What you give back must match the data exactly, minus the pictures.

__DATA EXCERPT__.
<<<<

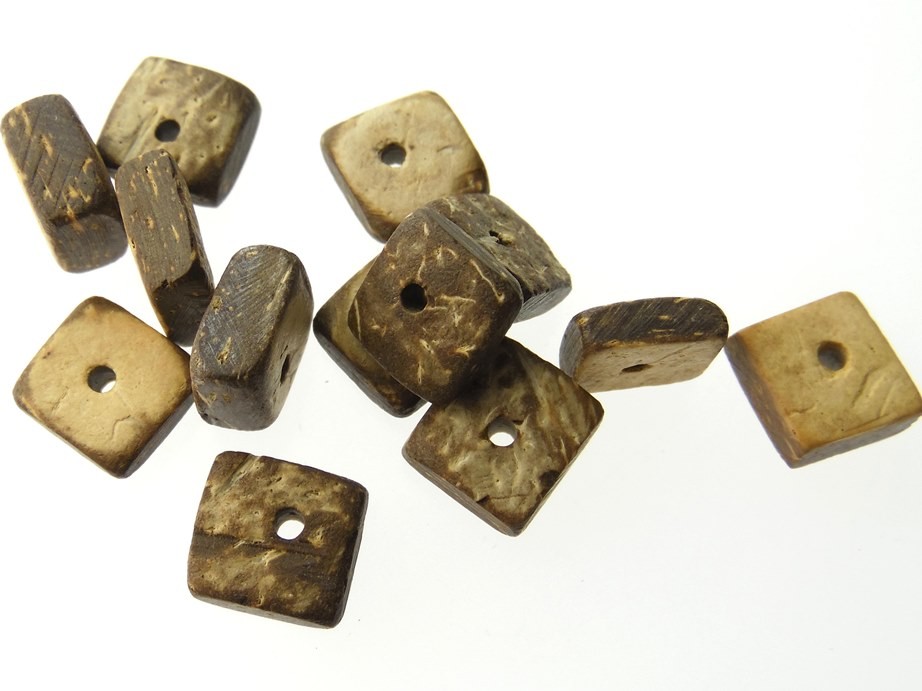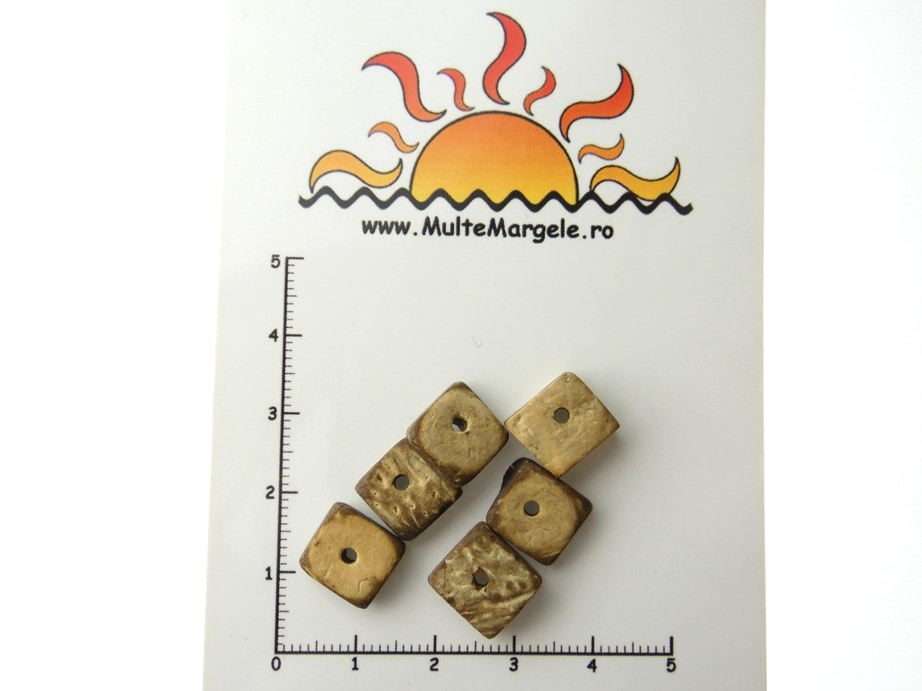 Margele din cocos. Dimensiuni: 10x10x2~5mm. Orificiu: ~2mm. Pretul se refera la 5 bucati.
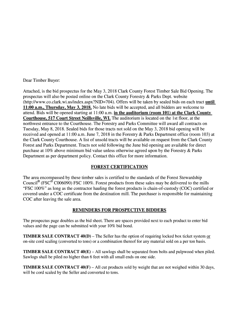 Dear Timber Buyer: Attached, is the bid prospectus for the May 3, 2018, Clark County Forest Timber Sale Bid Opening. The prospectus will also be posted online on the Clark County Forestry & Parks
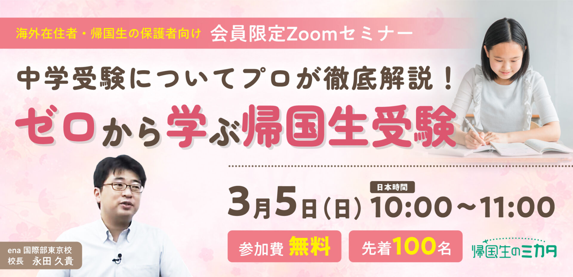 ena 国際部 東京校校長 永田久貴先生をゲストに招き、日本のみならず、シンガポール、香港、アメリカ、ブラジル、メキシコなど世界各国から100名以上の方にご視聴いただき、帰国生受験のいろはについて学びました。

>>>>

__PROBLEM SOLUTION__.
 Margele din cocos. Dimensiuni: 10x10x2~5mm. Orificiu: ~2mm. Pretul se refera la 5 bucati.
 Dear Timber Buyer: Attached, is the bid prospectus for the May 3, 2018, Clark County Forest Timber Sale Bid Opening. The prospectus will also be posted online on the Clark County Forestry & Parks
 ena 国際部 東京校校長 永田久貴先生をゲストに招き、日本のみならず、シンガポール、香港、アメリカ、ブラジル、メキシコなど世界各国から100名以上の方にご視聴いただき、帰国生受験のいろはについて学びました。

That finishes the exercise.